Unison Abilities & OCaml Effect Handlers

Comparing delimited continuations

Gettin' thunky with functional programming.

Disclaimer: Consider the code in this post to be pseudocode. I’m using snippets I pulled from documentation and samples to do my comparison. I didn’t run this code.

One of the things you hear all the time about functional programming is that it’s pure. I really don’t like this word but it’s stuck and that’s the term most people know. I’d rather think of it as “free of side-effects” or, as the math folks might say, referentially transparent. I’ll just continue to use pure for pragmatic reasons despite my objections.

Let’s start with a simple example. In the world of FP, if you see:

add 2 2
// or
2 + 2

Then you are guaranteed that absolutely nothing else happened while that function was executing. No I/O took place, no logging, no additional work at all. You’re guaranteed that no matter how many times you call that function, you will always get the same result for the same parameters. This kind of “purity” is what makes FP so desirable and historically more easily tested than imperative programming.

It’s easy to see the benefit of a function remaining pure when it’s a simple calculation. You don’t want random things to happen when you add 2 numbers. But what about a more complex scenario? Let’s say you have a function that calculates the shipping cost for a particular order. The order can be an immutable parameter to the function, but now you want the function to use certain rates and values from an in-memory cache.

You could fetch whatever values you need from the cache prior to calling calculate_shippping and that’s a perfectly valid scenario. But what if you don’t know which values you need from the cache until you’re in the middle of doing the calculations because those keys are dynamically derived? There’s a million ways to do mocks and shims and proxies to make testable side effects, but I think a lot of them clutter up the code and remove some of the elegance and clarity of syntax that we want with FP.

In Java or C# or countless other languages, you might deal with this problem with interfaces, or traits from Rust. In functional languages like Haskell, I might solve this problem with a monad.

Unison and OCaml both have a really cool way of dealing with this. I’ve talked about Unison’s abilities before, and OCaml added support for something called effect handlers in version 5.0 (2022).

Let’s take a look at what it might look like to create an ability-consuming function in Unison:

calculate_shipping : Order -> {ShippingCache} Float
calculate_shipping order =
  let Order { region, total } = order
  use ShippingCache
  let rate = get region
  rate * total

Here the call site is decorated with an annotation indicating that this function requires an implementation of the ShippingCache ability in order to function.

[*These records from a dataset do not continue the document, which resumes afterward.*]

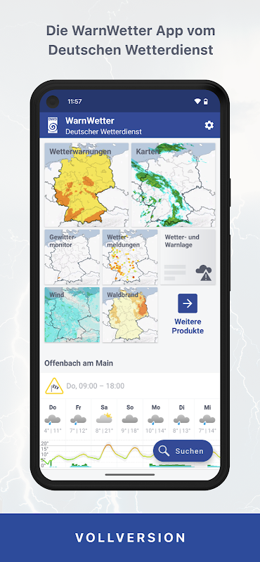 แอป WarnWetter มีฟังก์ชันต่อไปนี้ (เวอร์ชันฟรี):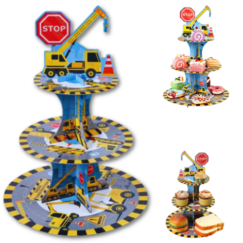 Poschodový stojan na košíčky, muffiny a jednohubky, vhodný na detskú narodeninovú oslavu alebo párty.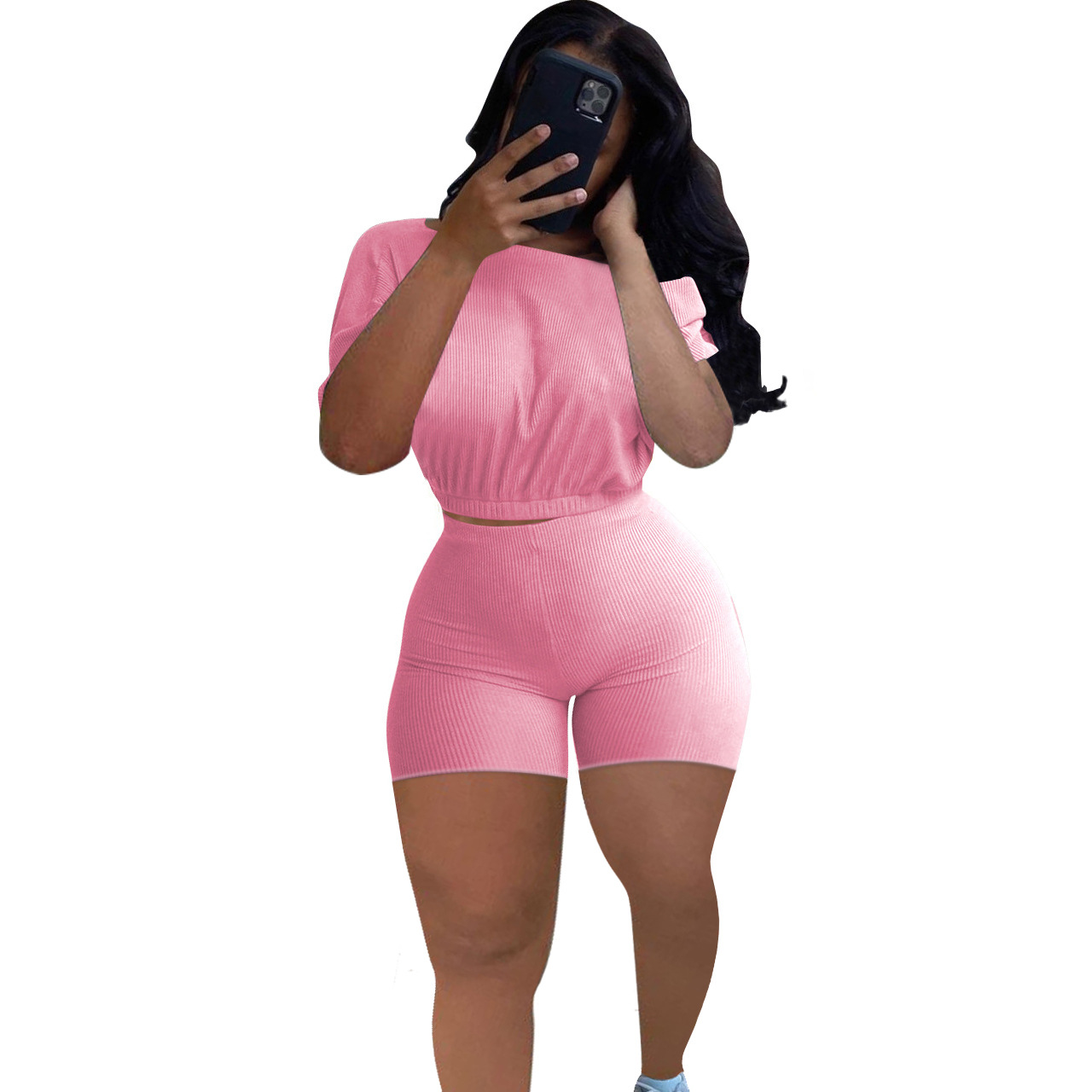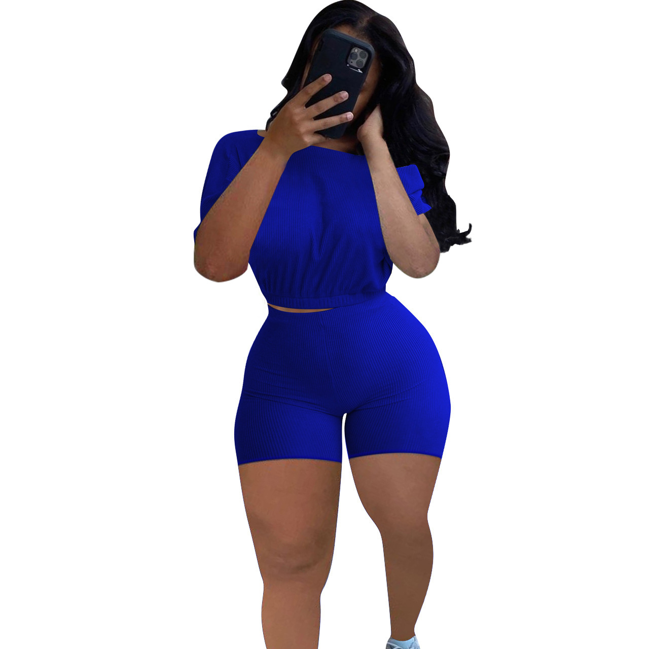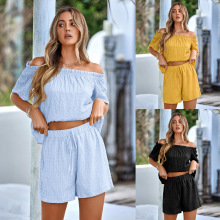 2021 크로스 보더 아마존 이베이 유럽과 미국 패션 여성용 핏 솔리드 컬러 숄더 투피스 세트스토어 가기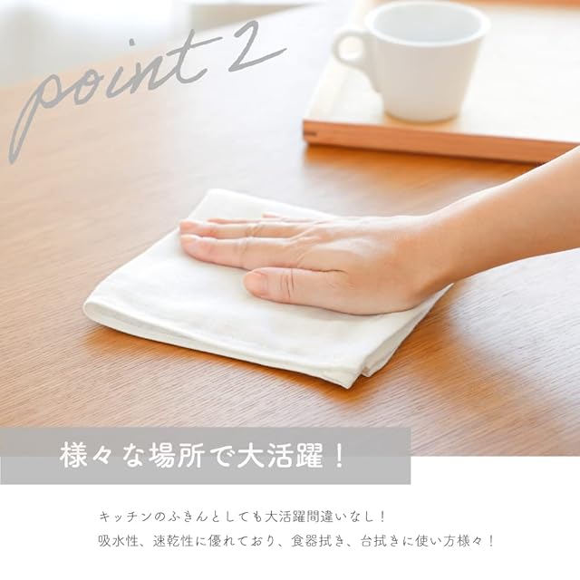 【泉州タオルの特徴である優れた吸水性】生地を織り上げた後に綿花の油分や不純物・糊を洗い落とす「後晒し製法」により吸水性に優れ、使い始めから吸水性にがいいです。※柔軟剤の使用は吸水性を疎外するので、できるだけ使用しないでください。※吸水性に優れていますが、パイル(タオルのループ部分)がないので、お客様によっては拭ききれないと感じるられる場合もございます。ご了承ください。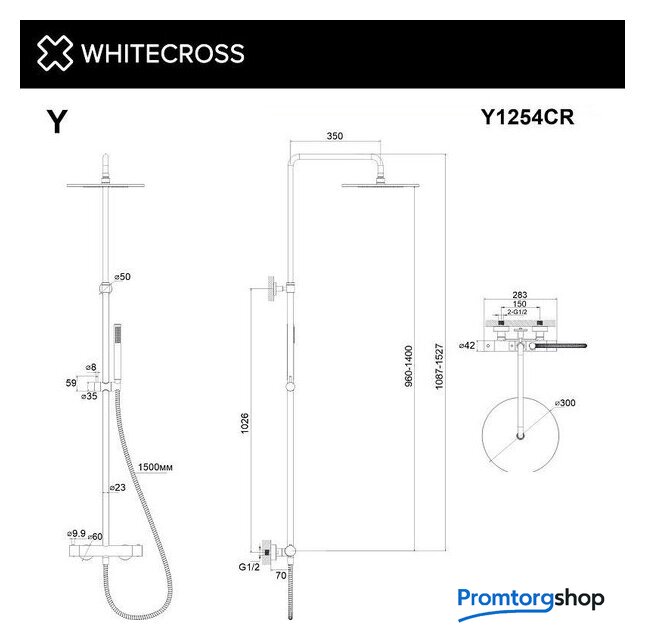 душевая система (с верхним душем), настенный монтаж, термостатический смеситель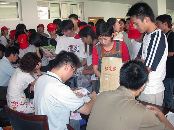 從今天凌晨開始,我校2004年迎新工作整套系統開始正式運行。學校各接站、接待、設攤單位人員全部就位,與往年相比,今年的迎新工作更有序,真正體現了一切為了學生、一切方便學生的宗旨。以下是本站記者從現場發回的圖片。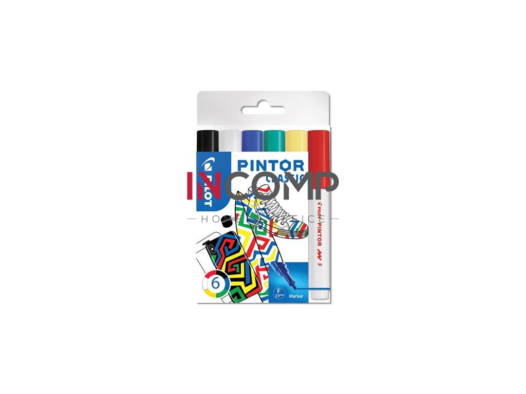 Dekoračný popisovač, sada,1 mm, PILOT "Pintor F", 6 druhov klasických farieb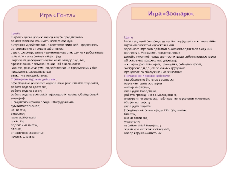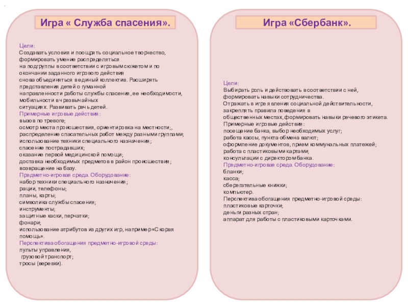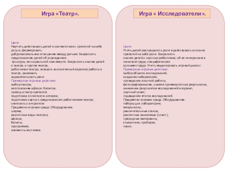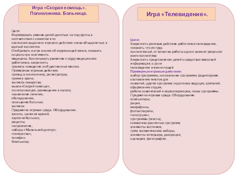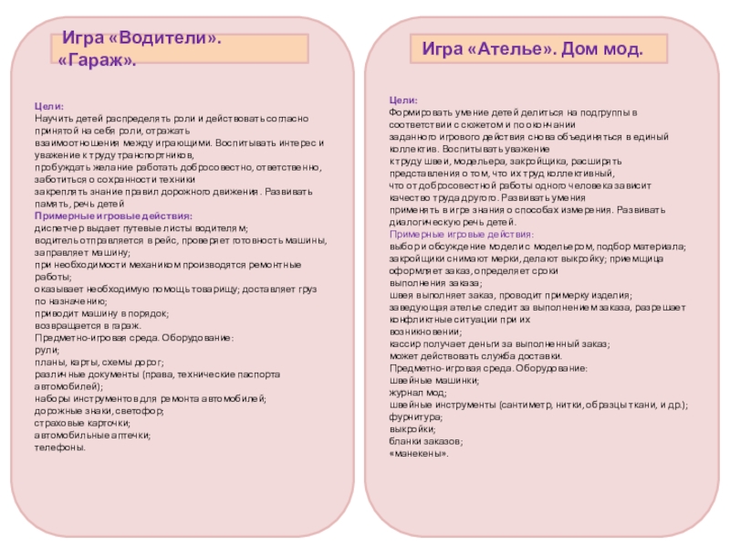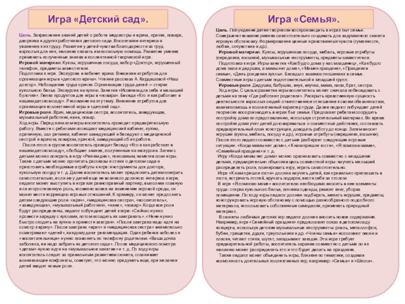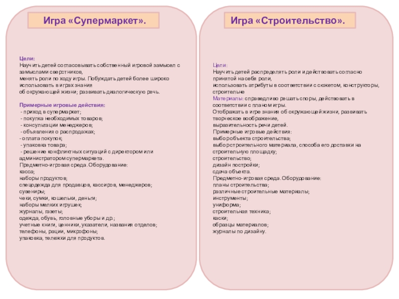 Также педагог может объединять игры, близкие по тематике, создавая возможность длительных коллективных игр, например: «Семья» и «Школа».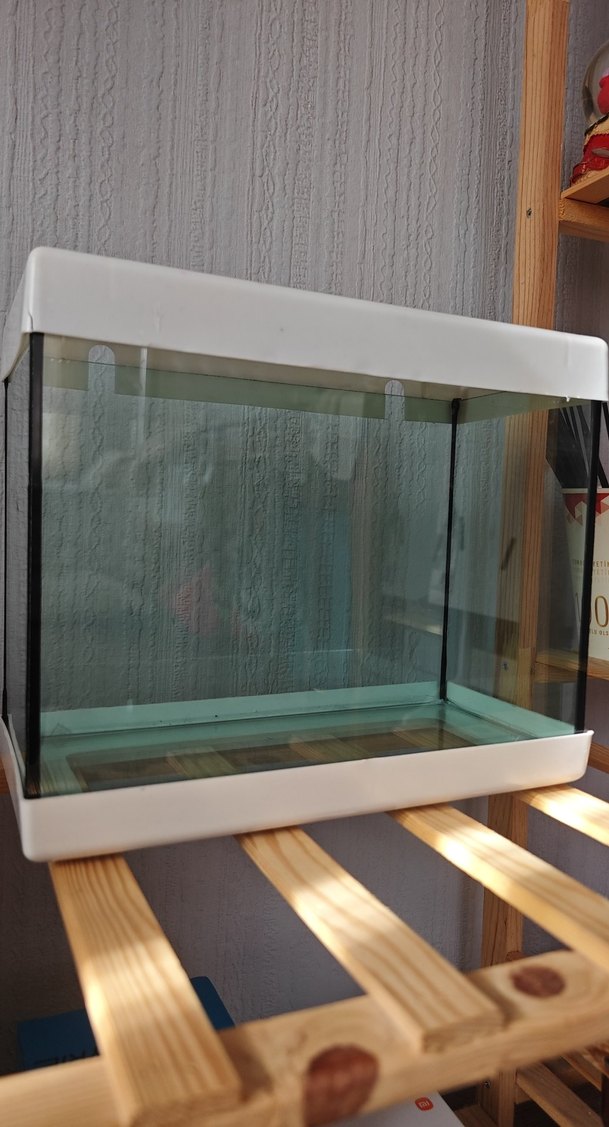 Uzunluk 30 cm yükseklik 23 cm genişlik 14 cm Beyaz çerçeveli, camdan yapılmış şeffaf sides akvaryum tankı. öğrenciyim harçlığımı çıkartmaya çalışıyorum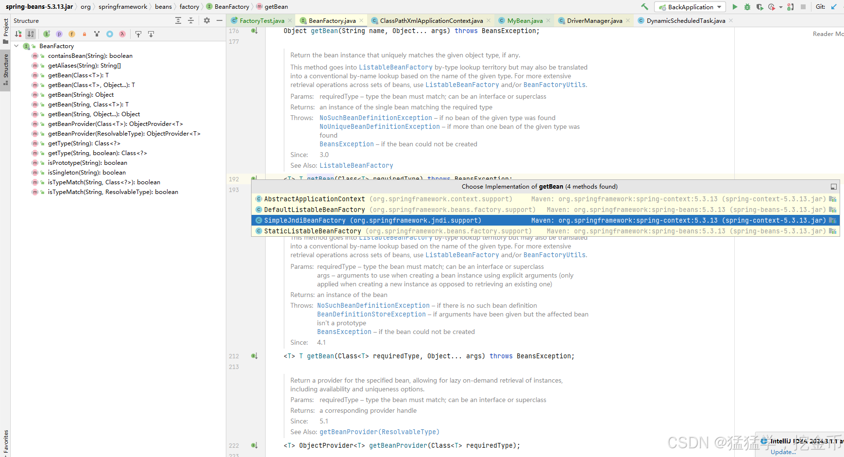 BeanFactory和ApplicationContext: Spring 中的BeanFactory和ApplicationContext提供了工厂方法来创建 Bean 实例,允许 Spring 容器在启动时根据配置文件或注解自动创建并管理对象。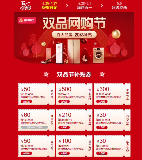 見圳客戶端·深圳新聞網(wǎng)2020年4月29日訊 貫穿整個(gè)五一假期的“雙品網(wǎng)購節(jié)”已經(jīng)開啟,蘇寧、阿里等電商平臺(tái)紛紛上線促銷活動(dòng)。消費(fèi)補(bǔ)貼怎么領(lǐng),有哪些值得買的品質(zhì)好物,還有哪些活動(dòng)值得期待?消費(fèi)回暖,買買買的熱情迎來釋放。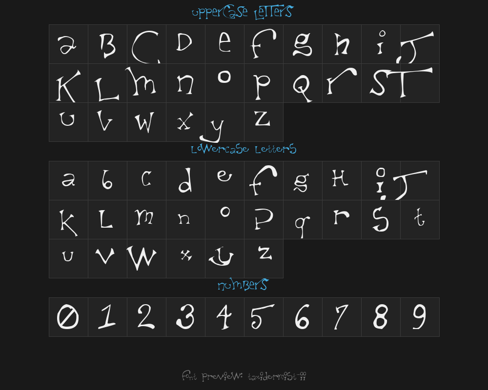 taxidermist-ii is a font file with a size of 0.03 MB. The full font name is Taxidermist II, Macromedia Fontographer 4.1 11 16 97 version. It contains 103 characters, supports 8 Chinese characters. The copyright belongs to Taxidermist II. taxidermist-ii font is available for free download, but commercial use requires confirmation on the Taxidermist II official website whether it's free for commercial use.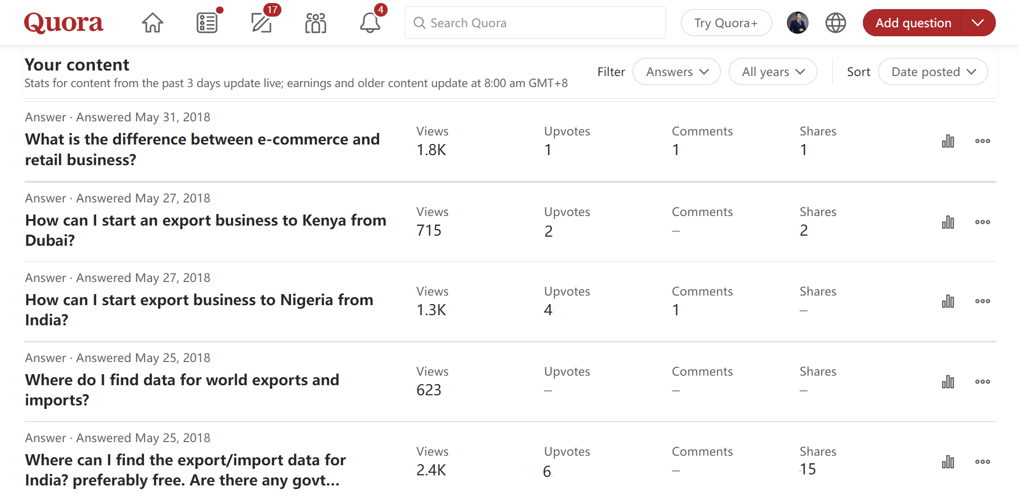 早在2018年的时候,SkilledTube开始涉猎Quora问答平台运营推广。当时,主要与北京一家进出口海关数据公司合作。通过在Quora上回答外贸行业问题,将用户引导至独立站购买数据。我们弱化营销,强调答案是否对用户真正有帮助。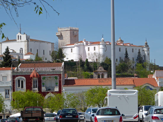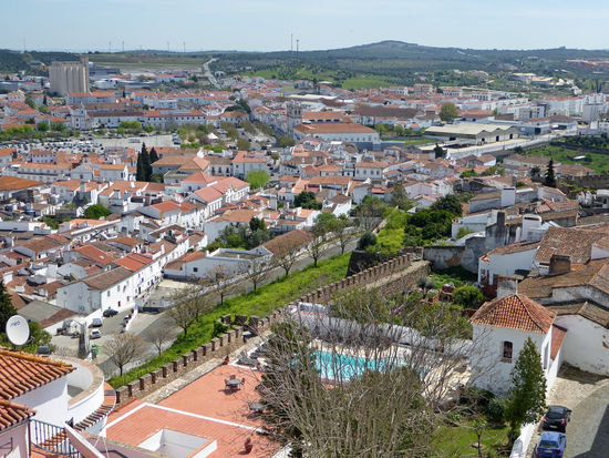 Wir haben von hier einen wunderbaren Blick über die Stadt, u. a. auf die Stierkampfarena, eine Reitschule und vieles andere mehr. Man erkennt auch, dass die Festungsmauern um Estremoz vollständig erhalten sind. Das sieht schon sehr beeindruckend aus.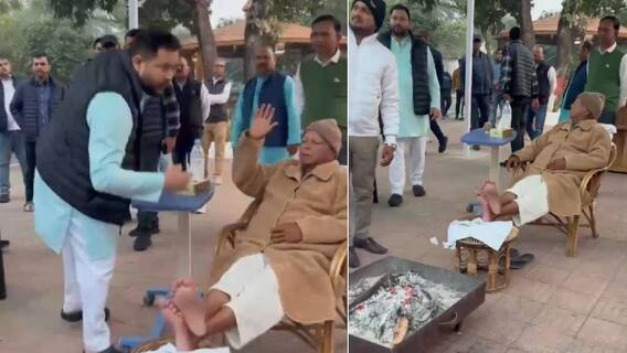 वीडियो में दिख रहा है कि कड़ाके की ठंड में लालू यादव अपने पुराने अंदाज में अलाव जलाकर बैठे हुए हैं. इसी दौरान तेजस्वी यादव यात्रा पर निकलने से पहले उनके पास आते हैं और पैर छूकर आशीर्वाद लेते हैं. तेजस्वी यादव को लालू प्रसाद यादव ने अपने हाथों को ऊपर करके आशीर्वाद दिया और यात्रा के लिए विदा किया. वीडियो में देखा जा सकता है कि तेजस्वी यादव के पीछे राज्यसभा सांसद और उनके सहायक संजय यादव मौजूद हैं. संवाद कार्यक्रम के पांचवें फेज की शुरुआत 30 दिसंबर से होनी है, उससे पहले तेजस्वी यादव अपने पिता का आशीर्वाद लेकर सीतामढ़ी के लिए रवाना हो चुके हैं.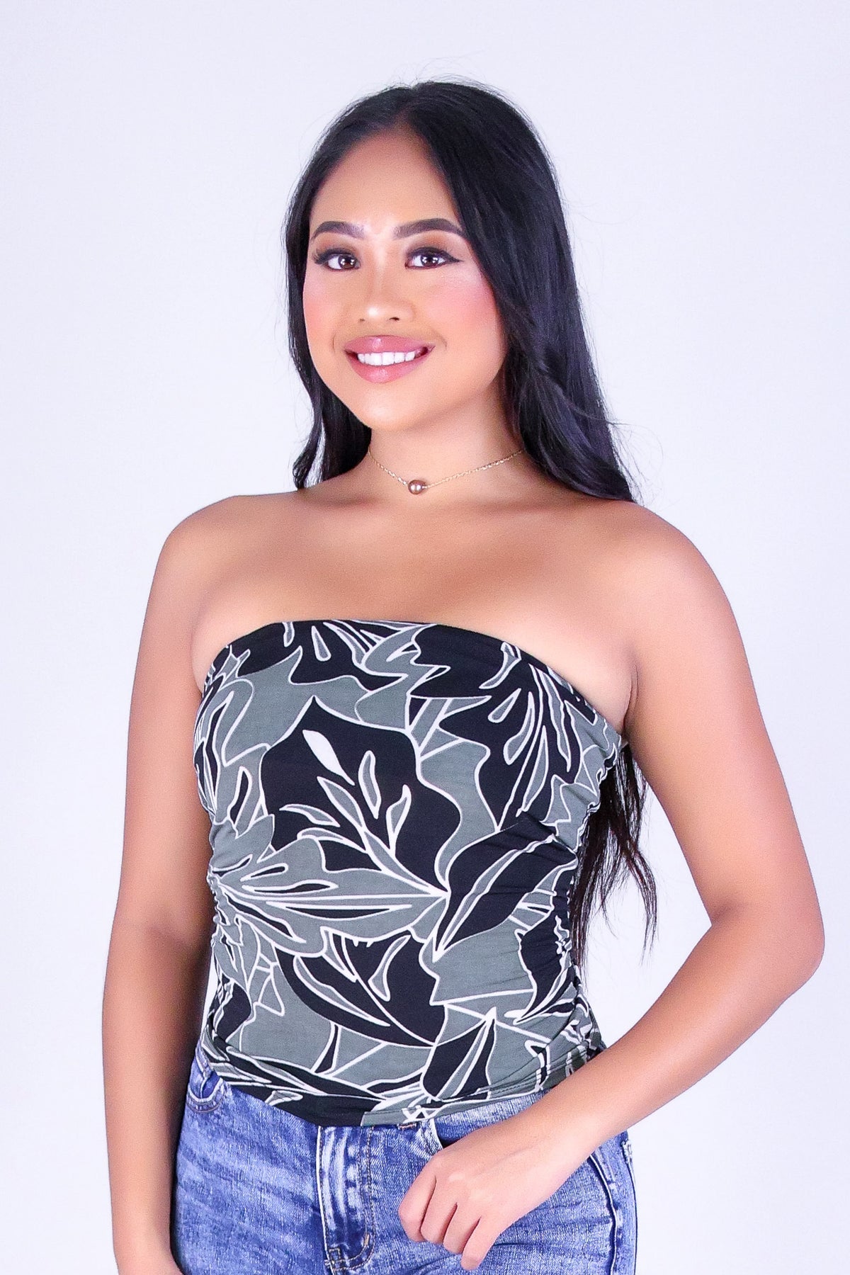 BLOOM EDIT TUBE TOP is available in color BLACK and in size SMALL, MED, LARGE.

This means we are free to supply a test/mock implementation or a real one and the function should then behave deterministically in test, even though it has a side-effect.

You would then invoke calculate_shipping with code like this:

shippingCost = ShippingCache.inMemory rates (calculate_shipping order)

Here the implementation of the ShippingCache ability is ShippingCache.inMemory, which could be used for dev or test, while we might construct a “real” version of the cache like ShippingCache.cassandra config.

Let’s look at a Unison implementation of the shipping cache ability:

ShippingCache.inMemory : Map String Float -> '{ShippingCache} a -> a
ShippingCache.inMemory rates computation =
  handle computation with
    case get region -> k ->
      let rate = Map.get region rates |> Option.withDefault 0.001
      k rate

This is a function that takes a map from String to Float as its inital parameter, and then returns an ability handler. It naively uses a rate of .1% if none can be found. Here k is a continuation or a thunk. Think of an effect handler this way: to use an effect, the calling function suspends and calls the effect with parameters as well as a thunk, which is basically a pointer to the next line of code in the caller. The effect then does its work, and then calls the thunk with the original parameters and the new value (in this case, a shipping rate).

The code is designed to make it look like you’re synchronously calling the get function but you’re really suspending the caller, passing the suspension to the handler, and then the handler is calling the next line from the caller. It’s like inserting a detour in the original code flow and not a request/response the way the code appears.

I fell in love with this notion when I originally saw it in Unison. The syntax in Unison is based on this paper from 2017, referred to as the “Frank language”. OCaml added the concept of effect handlers to the language in 2022 with version 5.0.

Let’s see how we might write the calculate_shipping function in OCaml:

let calculate_shipping (order : Order.t) : float =
  let region = Order.region order in
  let rate = Order.rate in
  perform (GetShippingRate region) * rate

Something worth pointing out here is that the calculate_shipping function doesn’t advertise the required effect handlers visibly at its call site like the Unison version does. While you’ll get a compilation failure attempting to use this function without the appropriate handler, it’s a bit less self-documenting.

Recall that the Unison version of invoking the calculate shipping function with the in-memory cache looks like this:

shippingCost = ShippingCache.inMemory rates (calculate_shipping order)

Where the OCaml equivalent feels a bit more monadic in that it doesn’t attempt to hide the “function wrapping” nature of using the handler:

let result = run_with_in_memory_cache cache (fun () -> calculate_shipping order) in

Here we’re using a helper function called run_with_in_memory_cache where the run_ prefix is common in both monadic and OCaml syntax. You’ll often see library functions in Haskell like run_with_nats or run_with_sql that take an instance of an effect handler and then an anonymous function to run, e.g. run_with_postgres (new_postgres config) ...

This OCaml runner function is a wrapper that uses match f... to run the function until it hits an effect request:

let run_with_in_memory_cache (cache : float StringMap.t) (f : unit -> 'a) : 'a =
  match f () with
  | result -> result
  | effect (GetShippingRate region) k ->
      let rate =
        match StringMap.find_opt region cache with
        | Some r -> r
        | None -> 0.0
      in continue k rate

If the execution of the lambda here produces a result, then this function returns the result. If it results in an effect, then we provide a handler for it. Note the continue k at the bottom of the effect match arm, which looks a lot like many ability handlers in Unison, which uses the handle k with... syntax.

These new effect handlers form the foundation of the more modern OCaml asynchronous library, eio, which is an effectful I/O library.

Both OCaml and Unison require you to do some nesting if you want to provide multiple effect handlers to a single function execution, though I think Unison’s syntax is a bit cleaner. I’m no Unison expert and I know next to nothing about OCaml, but I find Unison’s ability syntax a bit more concise. I’m betting that one could easily create some abstractions or types in OCaml that would get us close to the clarity of the Unison syntax, I just don’t know what that would look like.

In both cases, the concept of effect handlers is a beautiful, powerful, and usually underrated power you can use with your pure functional code base. So if you’ve got a spare minute, go play with effect handlers in whatever language you like, because chances are a number of your favorite higher-level libraries are implemented with them under the hood.